**YOUR ASSIGNMENT:**
Reproduce each line of the material exactly, minus any picture.

**THE DATA:**
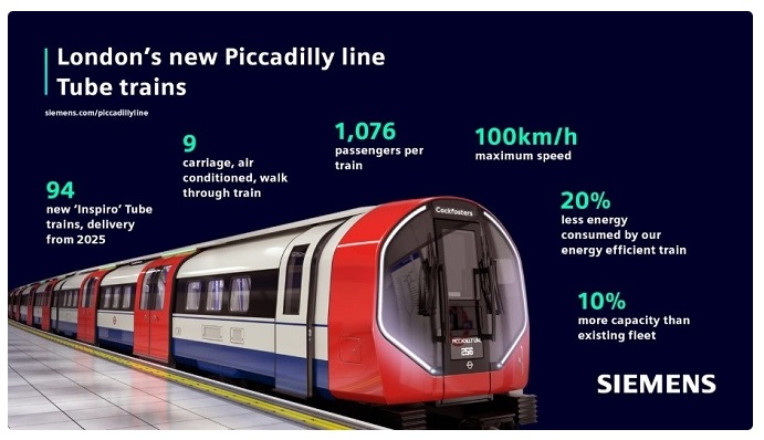 倫敦地鐵上有超過10%的旅程是在皮卡迪利線上進行的,線路從北部的Cockfosters、West End、Hammersmith和阿克頓(Acton town),并分支到希思羅機場(Heathrow Airport)和Uxbridg/Rayners Lane,皮卡迪利線車廂的換新,將大大增強這條倫敦交通動脈的活力。
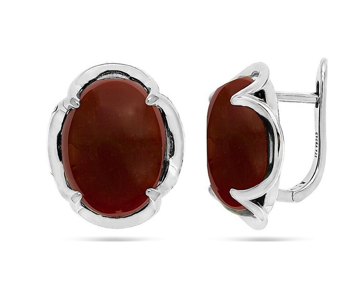Серьги, арт.651671 Серебро Серебро 925, 6,63 гр., сердолик
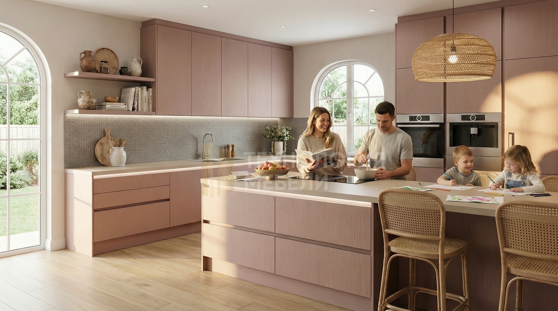 Представляем угловую кухню длиной 3.6 м, сочетающую стили модерн, ротанг и неоклассика. В ее дизайне использованы дерево, массив дерева, МДФ, ткань, а также оттенки белого и белой эмали. Фасады фрезерованные из ЛДСП цвета пыльной розы с древесной фактурой. Корпус из влагостойкого ЛДСП светло-серого цвета. Столешница из МДФ со шпоном, матовая, бежевого цвета. Фартук выполнен из мозаики, серый матовый. Отсутствие ручек, тип открывания – интегрированный профиль, что подчеркивает минимализм. Верхние модули до потолка, открытые полки не предусмотрены. Кухня оснащена функциональным островом. Подсветка рабочей зоны отсутствует, однако система освещения соответствует типу LED.
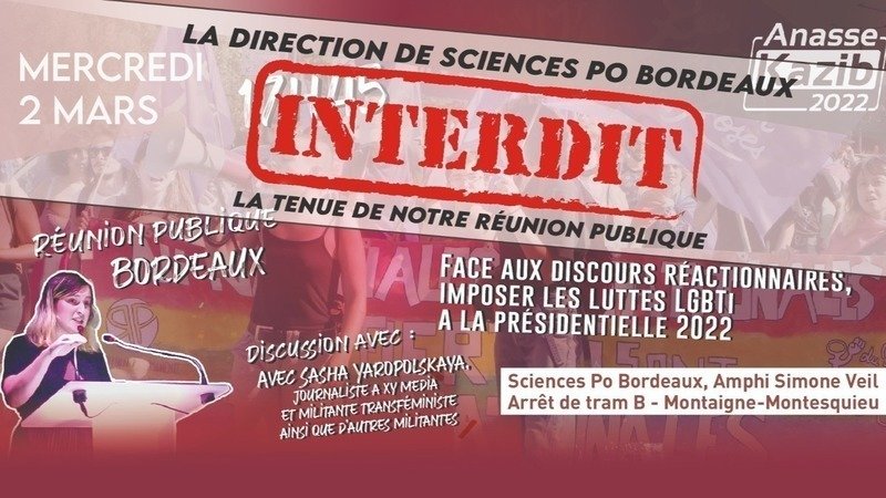 Mercredi 2 mars à 17H45 devait avoir lieu à l'IEP de Bordeaux une réunion publique avec Sasha Yaropolskaya, militante transféministe et co-fondatrice de XY Media afin de discuter de la place des luttes LGBTI dans des présidentielles à venir et à quelques jours du 8 mars.

**SOLUTION:**
 倫敦地鐵上有超過10%的旅程是在皮卡迪利線上進行的,線路從北部的Cockfosters、West End、Hammersmith和阿克頓(Acton town),并分支到希思羅機場(Heathrow Airport)和Uxbridg/Rayners Lane,皮卡迪利線車廂的換新,將大大增強這條倫敦交通動脈的活力。
Серьги, арт.651671 Серебро Серебро 925, 6,63 гр., сердолик
 Представляем угловую кухню длиной 3.6 м, сочетающую стили модерн, ротанг и неоклассика. В ее дизайне использованы дерево, массив дерева, МДФ, ткань, а также оттенки белого и белой эмали. Фасады фрезерованные из ЛДСП цвета пыльной розы с древесной фактурой. Корпус из влагостойкого ЛДСП светло-серого цвета. Столешница из МДФ со шпоном, матовая, бежевого цвета. Фартук выполнен из мозаики, серый матовый. Отсутствие ручек, тип открывания – интегрированный профиль, что подчеркивает минимализм. Верхние модули до потолка, открытые полки не предусмотрены. Кухня оснащена функциональным островом. Подсветка рабочей зоны отсутствует, однако система освещения соответствует типу LED.
 Mercredi 2 mars à 17H45 devait avoir lieu à l'IEP de Bordeaux une réunion publique avec Sasha Yaropolskaya, militante transféministe et co-fondatrice de XY Media afin de discuter de la place des luttes LGBTI dans des présidentielles à venir et à quelques jours du 8 mars.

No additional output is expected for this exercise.